I have a list in variable like:
var name_list = some_list
console.log(name_list)
Array[3]
0: Object
name: "Johny"
1: Object
name: "Monty"
2: Object3:
name: "Johny"
I want to get the list with non repetitive list.
How can I do this ?
Update
I tried with this..
var unique_name = [ ...new Set(name_list.map(name => {
return name.name
}))]
It works fine but I want the object that are filtered unique according to name.
Any idea ??
Another approach I don't see in here would be to use a Map
var name_list = [{name: "Johny"}, {name: "Monty"}, {name: "Johny"}];
// Make a mapping of name to object, then pullout objects.
var name_map = new Map(name_list.map(o => [o.name, o]));
var unique_names = [...name_map.values()];
Note, this will take the last object for each name instead of the first, but you could always do name_list.slice().reverse().map( instead of you need specifically the first object found.
reduce over the array keeping a lookup of previous entries to check against.
const arr=[{name:"Johny"},{name:"Monty"},{name:"Johny"}];
function dedupeByKey(arr, key) {
const tmp = {};
return arr.reduce((p, c) => {
const k = c[key];
if (tmp[k]) return p;
tmp[k] = true;
return p.concat(c);
}, []);
}
console.log(dedupeByKey(arr, 'name'));Or you can filter using a similar approach:
const arr=[{name:"Johny"},{name:"Monty"},{name:"Johny"}];
function dedupeByKey(arr, key) {
const temp = arr.map(el => el[key]);
return arr.filter((el, i) =>
temp.indexOf(el[key]) === i
);
}
console.log(dedupeByKey(arr, 'name'));
Filter to keep only those elements which are the first occurrence of the name (in other words, whose index is the same as the index of the first occurrence):
var name_list = [{name: "Johny"}, {name: "Monty"}, {name: "Johny"}];
var filtered = name_list . filter(
(elt, i, a) => i === a.findIndex(
elt2 => elt.name === elt2.name
)
);
document.getElementById('result').textContent = JSON.stringify(filtered);<pre id='result'></pre>This might not be the fastest approach, but it could be the simplest.
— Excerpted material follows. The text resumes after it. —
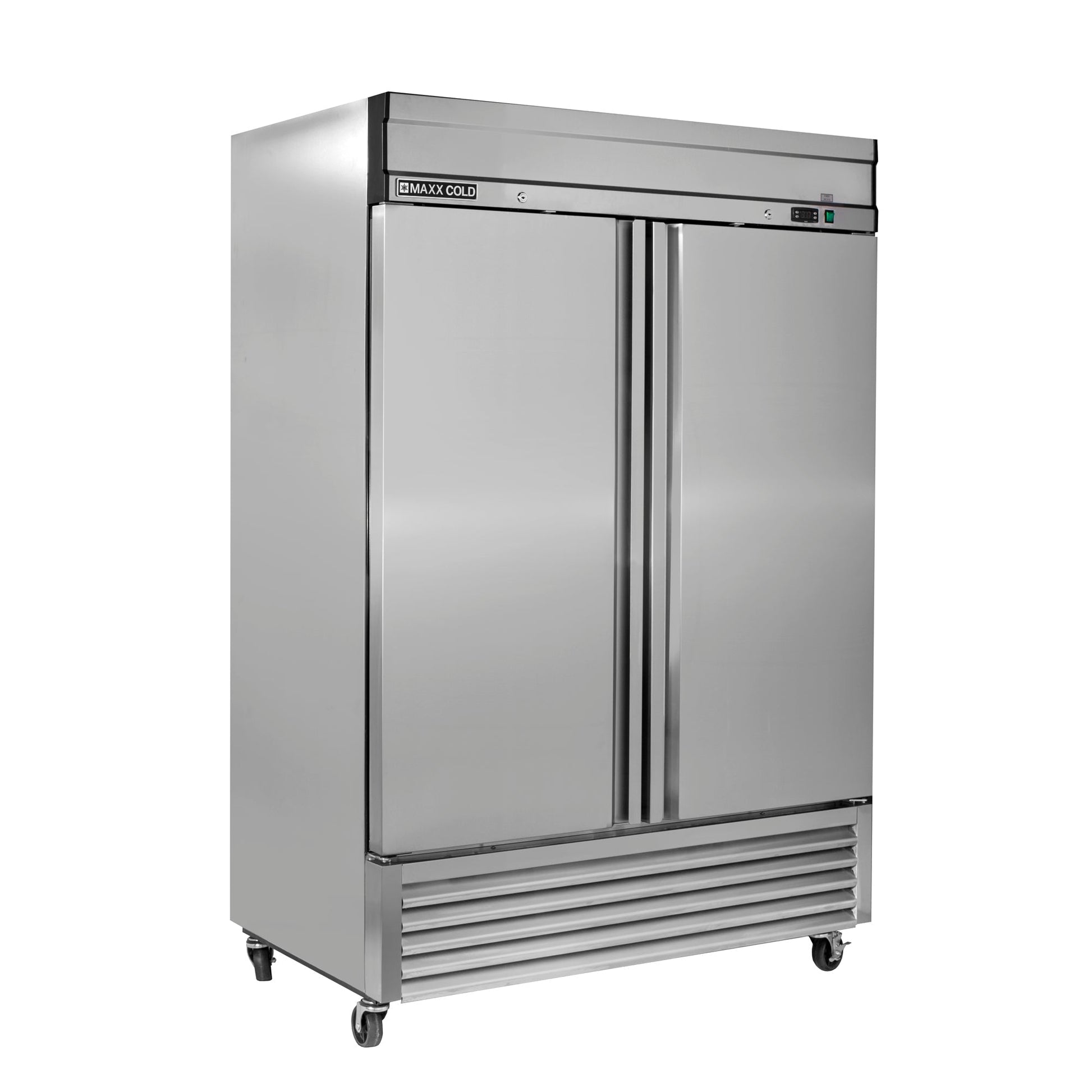 - Features: Maxx Cold Select Series Upright Freezer, reach-in, two-section, 49 cu. ft. storage capacity, bottom mount self-contained refrigeration, -10° to 10°F temperature range, digital temperature controls with LED display, automatic defrost, (6) wire shelves, (2) solid hinged doors with locks, polyurethane foam insulation, aluminum interior, stainless steel exterior, (4) 4" casters (2 with brakes), R-290a Hydrocarbon refrigerant, 1HP, cETLus, ETL-Sanitation

You can use this little distinctByProp( theArray, propertyName) function.
I hope it helps
distinctByProp = (theArray, prop) => {
let tempArray = [];
let isFound = obj => tempArray.find( n => n[prop] === obj[prop]);
theArray.forEach( current => !isFound(current) && tempArray.push(current));
return tempArray;
}
Usage is like:
let names_list = [{name: "Johny"}, {name: "Johnyh"}, {name: "Max"}, {name: "Monty"}, {name: "Johnyh"}, {name: "Max"}];
let distinct = distinctByProp(names_list, "name");
console.log(distinct);
I hope it helps
You could use Array#filter().
var name_list = [{ name: "Johny" }, { name: "Monty" }, { name: "Johny" }],
filtered = name_list.filter(a => {
this.my = this.my || Object.create(null);
if (!this.my[a.name]) {
this.my[a.name] = true;
return true;
}
});
document.write('<pre>' + JSON.stringify(filtered, 0, 4) + '</pre>');
Object.create(null) is pointless and your code might fail.
({}) instead of Object.create(null)
This is my resumed form of this type of unique. Not only for one field but for all the root fields of the object.
const unique = l => l.filter(
(e1, i, a) => i === a.findIndex(
e2 => Object.keys(e1)
.map(x => e1[x] === e2[x])
.reduce((x,y) => x && y)
)
)
[ ...new Set(array) ][ ...new Set(array) ]doesn't work?